• Recorded data
== Segment start ==
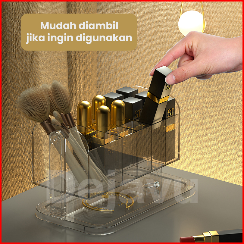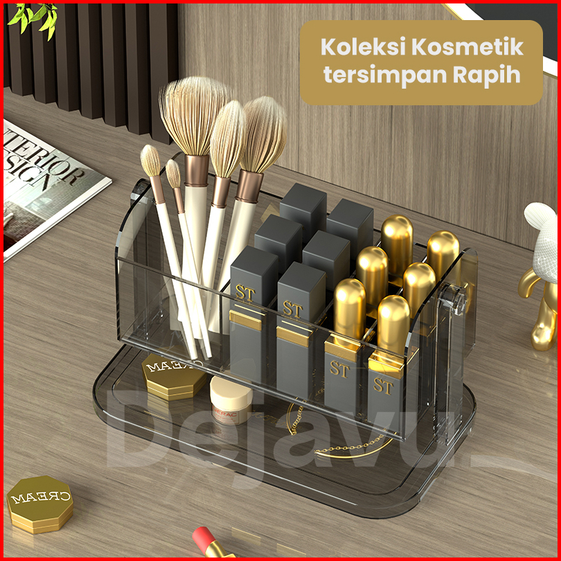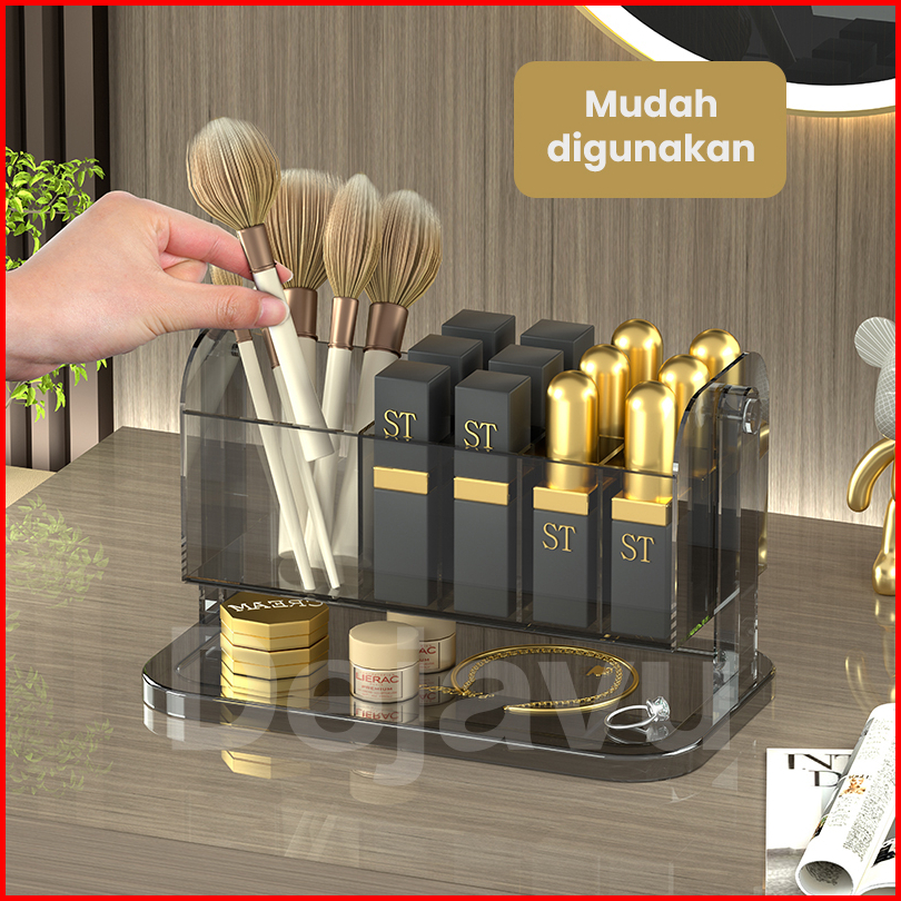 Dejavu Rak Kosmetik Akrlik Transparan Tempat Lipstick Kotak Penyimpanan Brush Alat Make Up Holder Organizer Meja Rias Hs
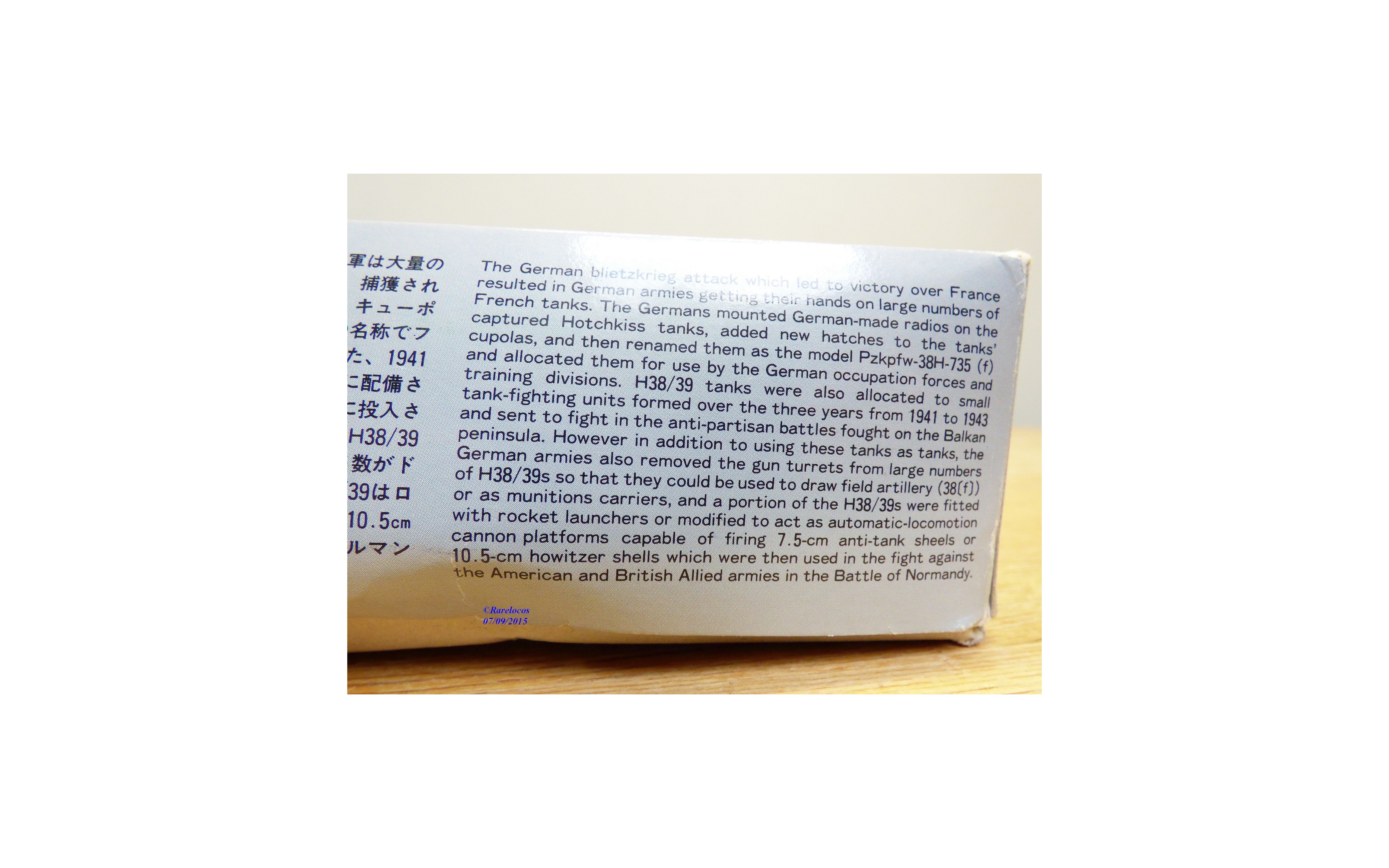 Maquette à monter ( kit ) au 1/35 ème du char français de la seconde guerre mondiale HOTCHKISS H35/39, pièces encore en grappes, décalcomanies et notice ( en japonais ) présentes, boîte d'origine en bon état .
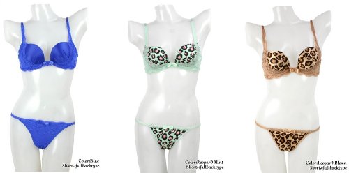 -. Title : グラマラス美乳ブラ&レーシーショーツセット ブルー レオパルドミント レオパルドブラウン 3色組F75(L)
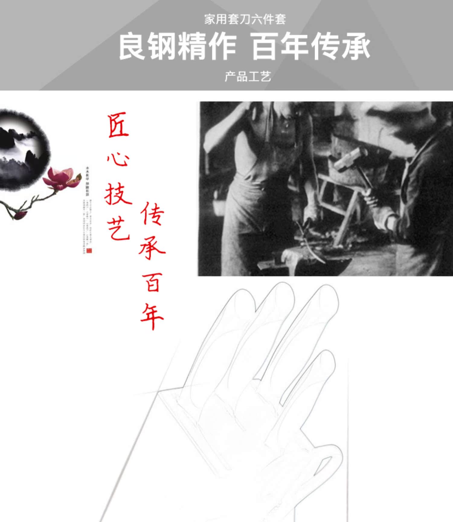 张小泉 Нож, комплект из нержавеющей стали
== Segment end ==
• Work required
Your job is to reproduce the material exactly. Keep pictures out of it.

• Output below
 Dejavu Rak Kosmetik Akrlik Transparan Tempat Lipstick Kotak Penyimpanan Brush Alat Make Up Holder Organizer Meja Rias Hs
 Maquette à monter ( kit ) au 1/35 ème du char français de la seconde guerre mondiale HOTCHKISS H35/39, pièces encore en grappes, décalcomanies et notice ( en japonais ) présentes, boîte d'origine en bon état .
 -. Title : グラマラス美乳ブラ&レーシーショーツセット ブルー レオパルドミント レオパルドブラウン 3色組F75(L)
 张小泉 Нож, комплект из нержавеющей стали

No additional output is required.